Cardima (Fremont, California) has received FDA 510(k) clearance for what is essentially the first half of its two-pronged approach to treatment of atrial fibrillation (AF). The company reported receiving approval of its system to create scars in cardiac tissue during heart surgery using radio frequency (RF) energy. The Cardima Surgical Ablation System provides surgeons with an option to replicate the results of the surgical Maze procedure for treatment of atrial fibrillation (AF), an open-chest, highly invasive treatment only done in conjunction with heart valve repair/ replacement or coronary bypass surgery. On what could be a short-term horizon is the potential approval of the company's Revelation Tx system for creating scars from inside the heart, which Cardima has submitted to the FDA. It was granted expedited review in November 2002. "Revelation Tx will be the primary product," said Ron Bourquin, chief financial officer. But he added that the 510(k) clearance for ablating the outside of the heart is "incremental" and "opens up the surgical application for this particular technology." Bourquin said the company was able to take the less-rigorous 510(k) route because the application applied for specifically replicates the results of the well-established procedure of electrosurgery. Technologies competing to replace the scalpel as the tool of choice for the surgical Maze process include various energy sources that heat or cool the tissue, both attempting to destroy the cells creating the aberrant electrical patterns that cause AF. Using radiofrequency energy to heat the tissue has been practice for many years, and it is a safe, predictable energy source, according to Cardima. "This is a new alternative for the cardiovascular surgeon," Bourquin said, one that has normally been available only to electrophysiologists. Now, he says, the cardiovascular surgeon can do the ablating with the RF tool, rather than a scalpel, in conjunction with other procedures, or even perform it laparoscopically as a stand-alone procedure.
Compumedics (Fridley, Minnesota) said the FDA has granted approval to market the company's portable Somte sleep-cardiology recording system in the U.S. The potential market for Somte in the U.S. is estimated to be of the order of $130 million a year. The company already has been approved to market Somte in Canada, the European Union, Australia and Japan. Somte is a lightweight medical recorder that combines features of diagnostic sleep systems and cardiac recorders. The combination of the technologies addresses the mounting evidence of the correlation between sleep disordered breathing and cardiovascular disease.
CryoLife (Kennesaw, Georgia) said a 21-patient study reported at the Society of Thoracic Surgeons annual meeting last month indicated that CryoLife's BioGlue surgical adhesive may eliminate the need for additional surgery to correct bleeding in patients implanted with ventricular heart-assist devices. According to the study, none of the patients treated with BioGlue, a bovine serum albumin and glutaraldehyde tissue adhesive, required re-operation to stop post-surgical bleeding. In contrast, 25% of patients not treated with BioGlue required additional surgery to correct bleeding. The study was presented by John Blizzard, MD, assistant professor of surgery at Oregon Health Sciences University (Portland, Oregon). The study also showed that the use of BioGlue to mechanically seal the connections between the device and the patient's cardiovascular system was not related to any short- or long-term adverse event. And the use of BioGlue did not increase the difficulty of the VAD removal and transplant procedure, according to the authors.

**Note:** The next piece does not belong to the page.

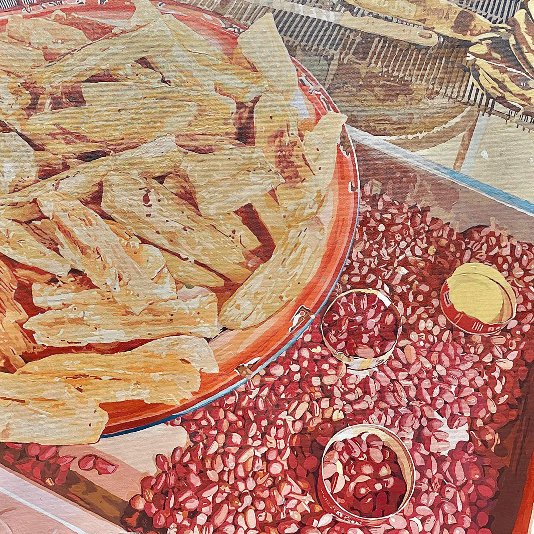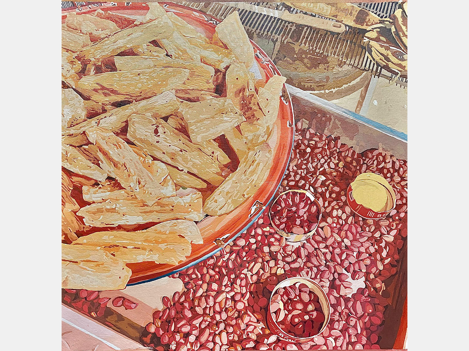 Abdoulaye Konaté studied painting at the Institut National des Arts in Bamako, and later at the Instituto Superior de Arte in Havana, Cuba, where he lived for seven years before returning to Mali.

Daxor (New York) said two new studies conducted at Columbia Presbyterian Medical Center (also New York) were published in the journal Circulation. The first study used the Daxor BVA-100 Blood Volume Analyzer to measure the degree of blood volume expansion in congestive heart failure patients. They compared their findings to an independent physician's estimate of whether the patients had significant expanded blood volume or were normal. In half the heart failure patients, the physicians were not able to detect the abnormal expanded blood volume. The implications of these findings are that blood volume measurement can enable more precise treatment in patients. The second study published in the same journal, involves the treatment of heart failure patients who were found to be anemic by the standard hematocrit test. The authors found that treatment of these patients with erythropoetin significantly improved the symptoms of these patients. Blood volume measurement with the BVA-100 also enabled identification of those patients who were hemodiluted and had increased plasma volume from those patients who were truly anemic and had low red cell volume. Erythropoetin, manufactured by Amgen and Johnson & Johnson, is a restricted drug that increases a patient's red cell volume. The measurement of blood volume has implications for the treatment of patients who may be inappropriately denied treatment because their blood volume is not measured. A third study was published in the November 2002 issue of the Journal of Clinical Anesthesia by Ketan Shevde, MD, Murali Pagala, PhD, et al., from Maimonides Hospital, involving patients undergoing coronary bypass graft surgery. The patients had their blood volume measured with the BVA-100 prior to surgery. Women were found to be significantly more anemic than men and required more blood transfusions. The authors concluded that the increased number of transfusions required for women was related to their low red cell volume prior to surgery.
Eli Lilly and Co. (Indianapolis, Indiana) said the results of the AbESTT (Abciximab in Emergent Stroke Treatment Trial), a study in patients with ischemic stroke, were announced at last month's American Heart Association-sponsored International Stroke Conference in Phoenix, Arizona. The study showed trends suggesting that treating stroke patients with ReoPro (abciximab) might increase recovery of normal or near-normal function and reduce mortality, even when administered up to six hours after the onset of stroke. ReoPro is indicated for prevention of ischemic cardiac complications in high-risk patients undergoing coronary angioplasty. The product was developed by Centocor (Malvern, Pennsylvania). Lilly markets and distributes the product worldwide except in Japan. The companies plan to conduct a Phase III trial to confirm these findings, Lilly said.
Guidant (Indianapolis, Indiana), reported the U.S. availability and launch of the Insignia Entra line of pacemakers. The Entra line complements the existing Insignia family of pacemakers, which was launched worldwide in June 2002, and gives clinicians another option for treating a diverse population of patients. The Insignia Entra pacing system offers comprehensive patient management with 110 seconds of dual channel Electrogram (EGM) storage, the most available on the market today, according to Guidant. EGMs give the physician a recording of the electrical activity occurring within the heart. The increased storage capabilities provide physicians more information for better patient management and diagnostic accuracy.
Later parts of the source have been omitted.